- [PROBLEM] Range to reproduce from the entries below: the line with "ボランティアとして 参加した学生さんの声", the line with "Figura 3. Radiografía", and every line in between. Give them exactly and give nothing else.

═══ MATERIAL PROVIDED

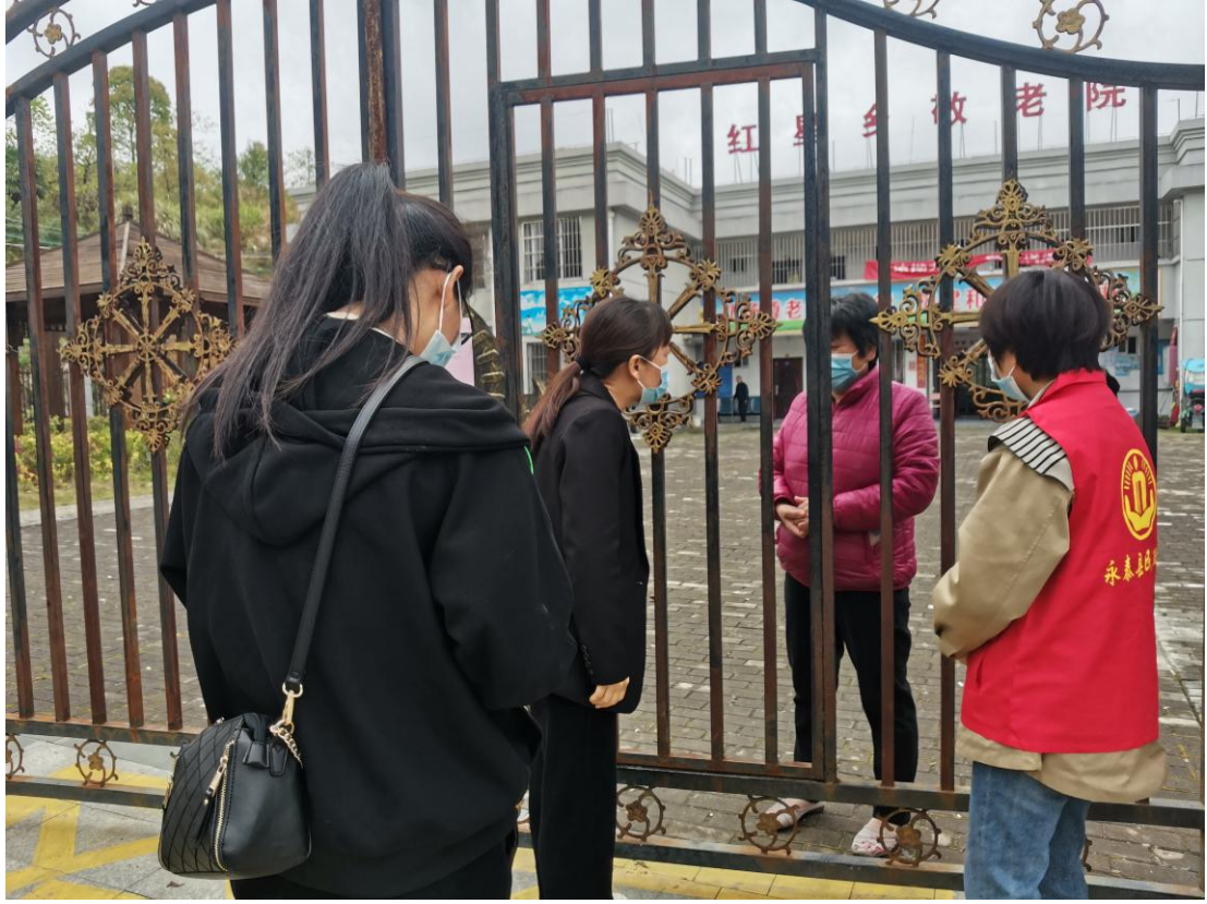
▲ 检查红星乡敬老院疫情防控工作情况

══════
═══ MATERIAL PROVIDED

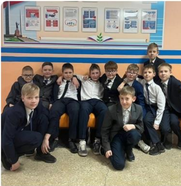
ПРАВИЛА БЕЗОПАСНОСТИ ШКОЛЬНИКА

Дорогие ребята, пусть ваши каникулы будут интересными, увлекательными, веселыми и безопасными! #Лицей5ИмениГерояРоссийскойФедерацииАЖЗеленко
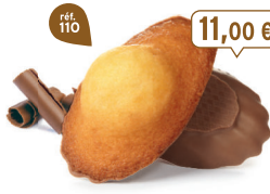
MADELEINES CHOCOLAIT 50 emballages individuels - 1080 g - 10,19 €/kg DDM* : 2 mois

══════
═══ MATERIAL PROVIDED

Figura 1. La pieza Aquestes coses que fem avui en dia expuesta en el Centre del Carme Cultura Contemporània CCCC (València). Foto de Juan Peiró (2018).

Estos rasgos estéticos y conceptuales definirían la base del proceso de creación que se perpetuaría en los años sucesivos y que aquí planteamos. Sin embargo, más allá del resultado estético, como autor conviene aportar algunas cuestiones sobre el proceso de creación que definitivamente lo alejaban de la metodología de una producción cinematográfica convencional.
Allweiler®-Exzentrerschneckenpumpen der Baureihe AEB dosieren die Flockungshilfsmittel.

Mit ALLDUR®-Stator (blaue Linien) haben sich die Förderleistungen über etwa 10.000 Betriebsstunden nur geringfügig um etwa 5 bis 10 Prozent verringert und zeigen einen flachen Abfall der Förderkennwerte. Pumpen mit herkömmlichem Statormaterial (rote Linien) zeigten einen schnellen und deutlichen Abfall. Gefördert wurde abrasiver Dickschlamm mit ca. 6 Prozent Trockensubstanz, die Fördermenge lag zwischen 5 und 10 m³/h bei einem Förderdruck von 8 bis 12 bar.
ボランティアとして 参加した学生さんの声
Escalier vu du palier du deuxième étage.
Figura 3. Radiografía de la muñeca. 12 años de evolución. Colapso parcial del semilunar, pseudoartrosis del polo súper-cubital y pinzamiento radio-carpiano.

══════

- [FINISHED EXERCISE]
ボランティアとして 参加した学生さんの声
Escalier vu du palier du deuxième étage.
Figura 3. Radiografía de la muñeca. 12 años de evolución. Colapso parcial del semilunar, pseudoartrosis del polo súper-cubital y pinzamiento radio-carpiano.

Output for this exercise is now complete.